Blue carbon stocks in temperate salt marshes (North Carolina, USA) vary in response to accelerated sea-level rise, salinity gradients and hydraulic modifications.

Donald Charles Barber1, Carey E Parker2 and Mercedes J Aponte2, (1)Bryn Mawr College, Departments of Geology and Environmental Studies, Bryn Mawr, PA, United States, (2)Bryn Mawr College, Geology, Bryn Mawr, PA, United States
Abstract:
Organic-rich sediment accumulation in coastal wetlands mitigates atmospheric CO2 pollution by sequestering carbon, potentially for thousands of years. Continued net carbon burial requires salt marshes to keep pace with sea-level rise while maintaining high sedimentary organic matter content. Over the last century, accelerated sea-level rise and human modifications such as ditching drove changes in the vegetation communities and sediment properties of estuarine Spartina alterniflora and Juncus roemarianus marshes in Core Sound and southern Pamlico Sound, North Carolina. The sites we studied range from sheltered, low-salinity high marsh, to more exposed and/or more saline low marsh, and also compared ditched and unditched areas. Surface vegetation and sediment patterns generally reflect increases in average salinity (from ~12 to ~33 psu) and mean tidal range (from < 20 to > 40 cm) from north to south, respectively over the 40 km length of our study region.

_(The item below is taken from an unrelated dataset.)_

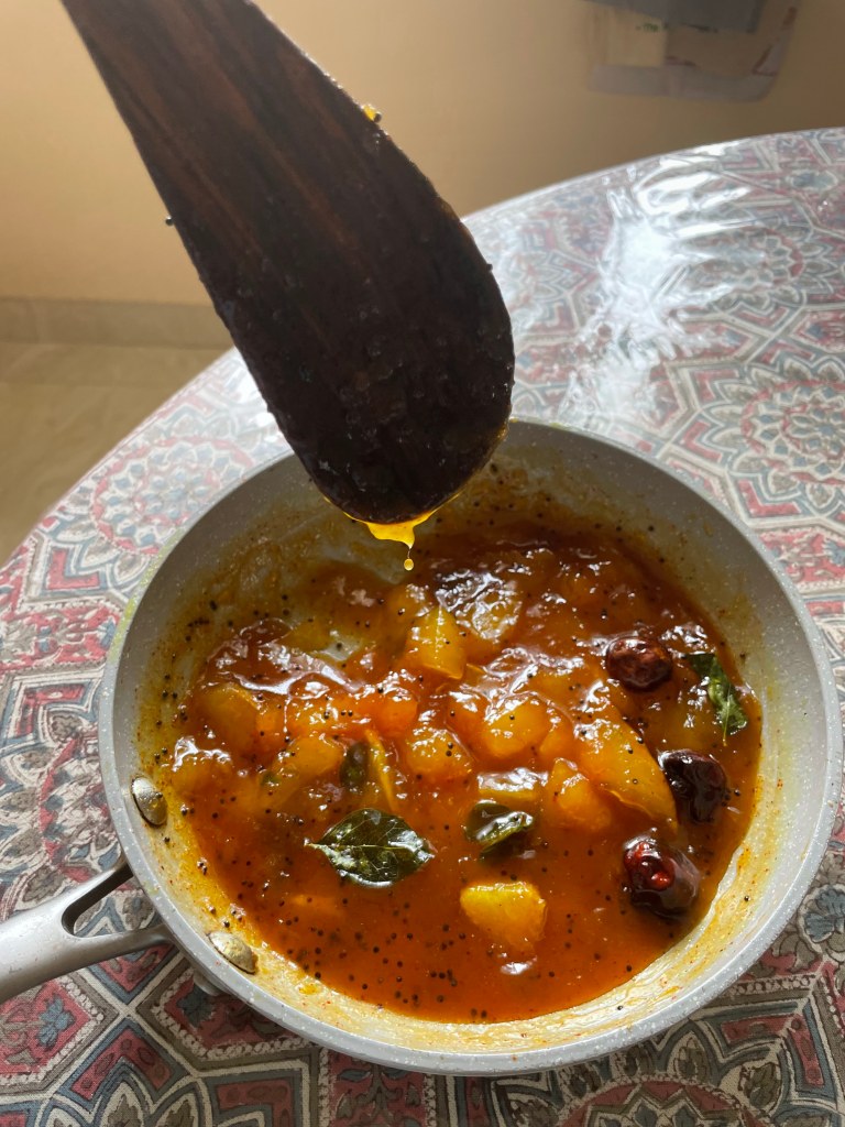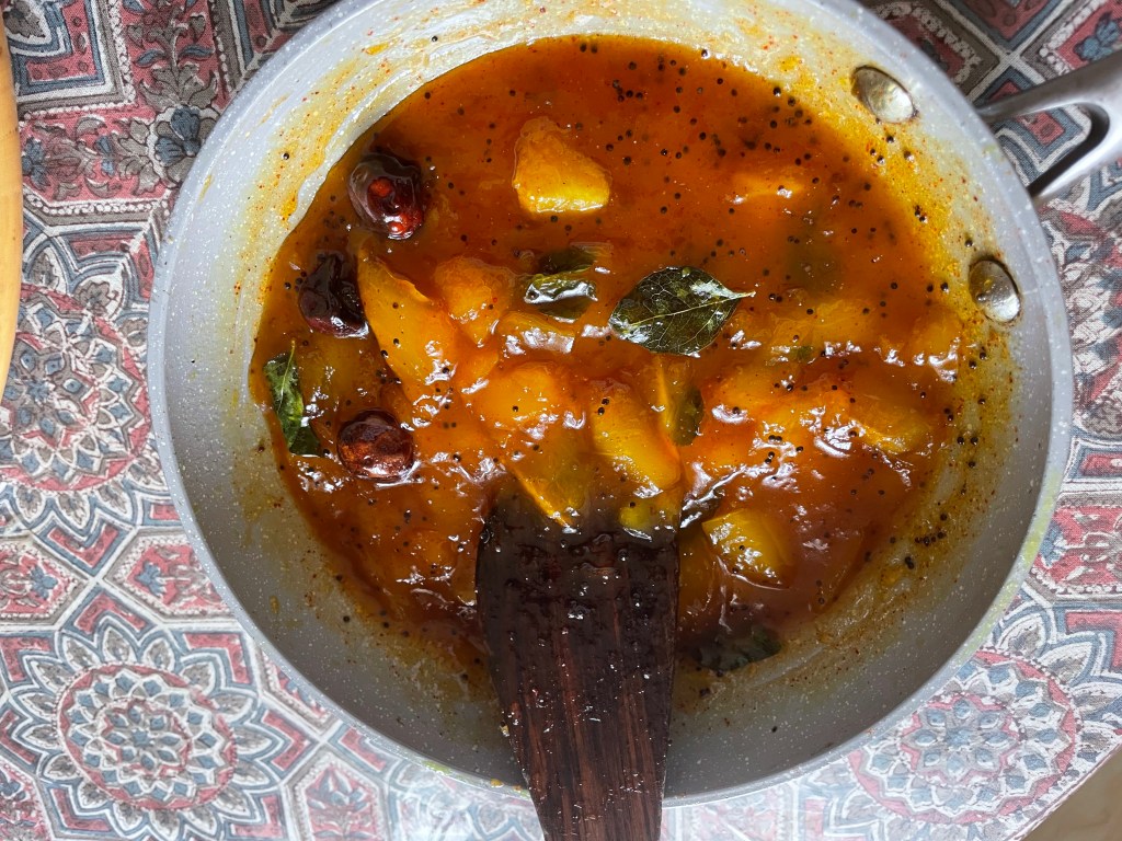 This simple dish is such a delectable side to any south Indian food or may be even northy chaat etc due to its tangy-sweet balance. It is prepared by cooking mature mangoes in jaggery and adding a little seasoning. That’s all!

We measured sediment bulk density and organic carbon content in samples at 2-cm depth intervals in 34 sediment cores from throughout the study region. Cores range in depth from 50 to >250 cm depending on marsh sediment thickness. These data allow determination of buried carbon stock per unit marsh area. Analyses of stable carbon isotopic composition of organic matter provide information on shifting carbon sources over time, e.g., from C3 Juncus to C4 Spartina marsh vegetation in response to increased tidal inundation.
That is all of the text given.